Introduction: A comprehensive pathophysiological mechanism to explain the relationship between high-salt intake and hypertension remains undefined. Evidence suggests that chloride, as the accompanying anion of sodium in dietary salt, is necessary to develop hypertension. We evaluated whether reducing dietary Cl- while keeping a standard Na+ intake modified blood pressure, cardiac hypertrophy, renal function, and vascular contractility after angiotensin II (AngII) infusion.

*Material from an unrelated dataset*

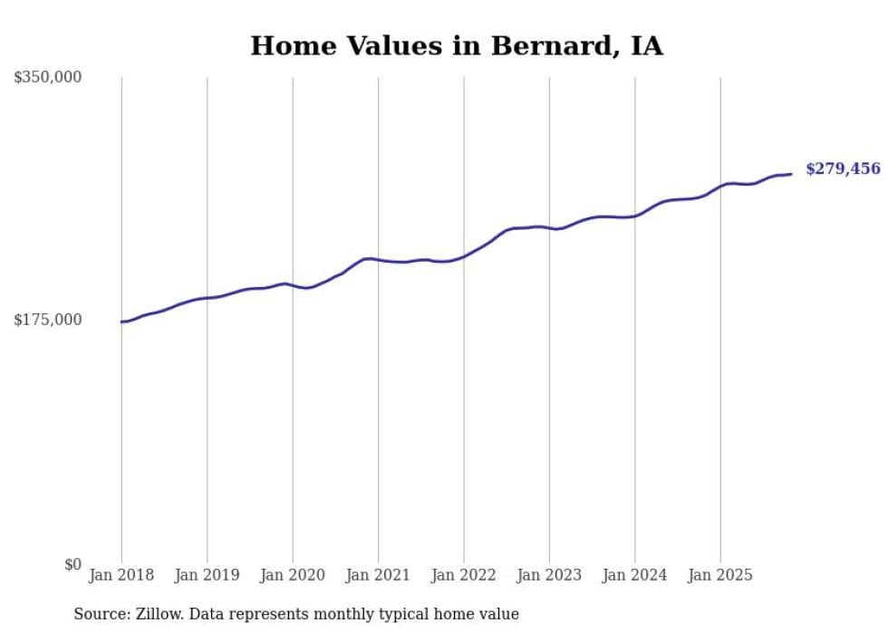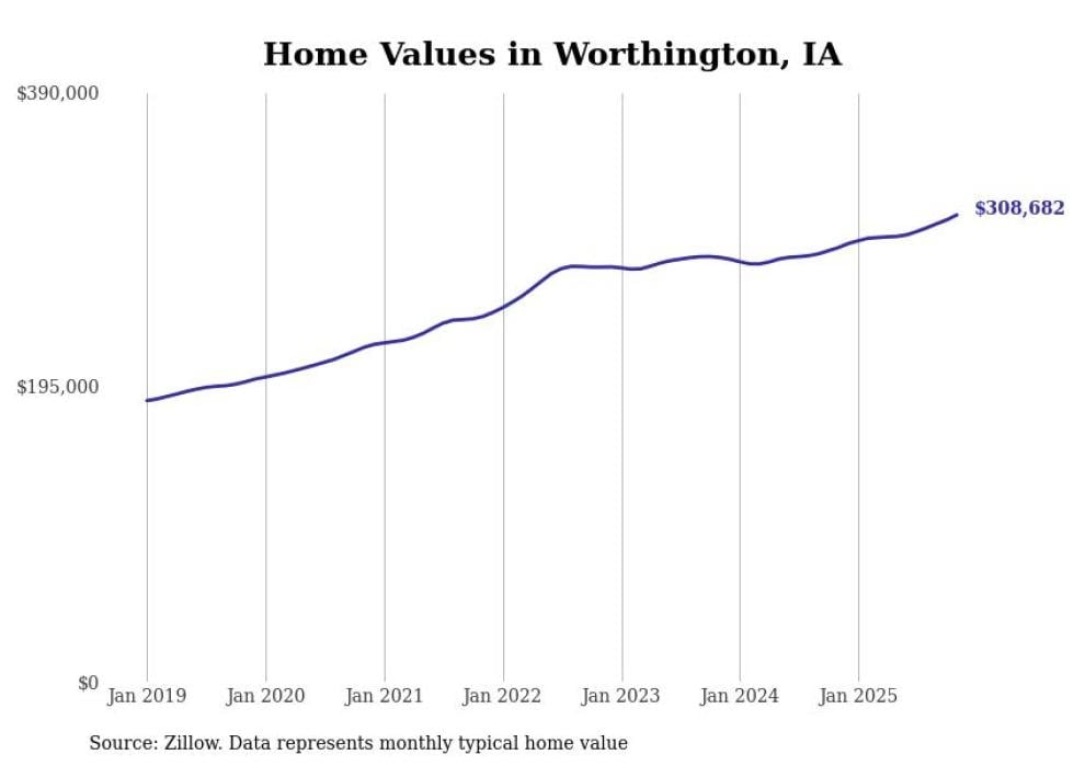 Cities with the fastest-growing home prices in the Dubuque metro area

Methods: C56BL/6J mice fed with standard Cl- diet or a low-Cl- diet (equimolar substitution of Cl- by a mixture of Na+ salts, both diets with standard Na+ content) received AngII (infusion of 1.5 mg/kg/day) or vehicle for 14 days. We measured systolic blood pressure (SBP), glomerular filtration rate (GFR), natriuretic response to acute saline load, and contractility of aortic rings from mice infused with vehicle and AngII, in standard and low-Cl- diet.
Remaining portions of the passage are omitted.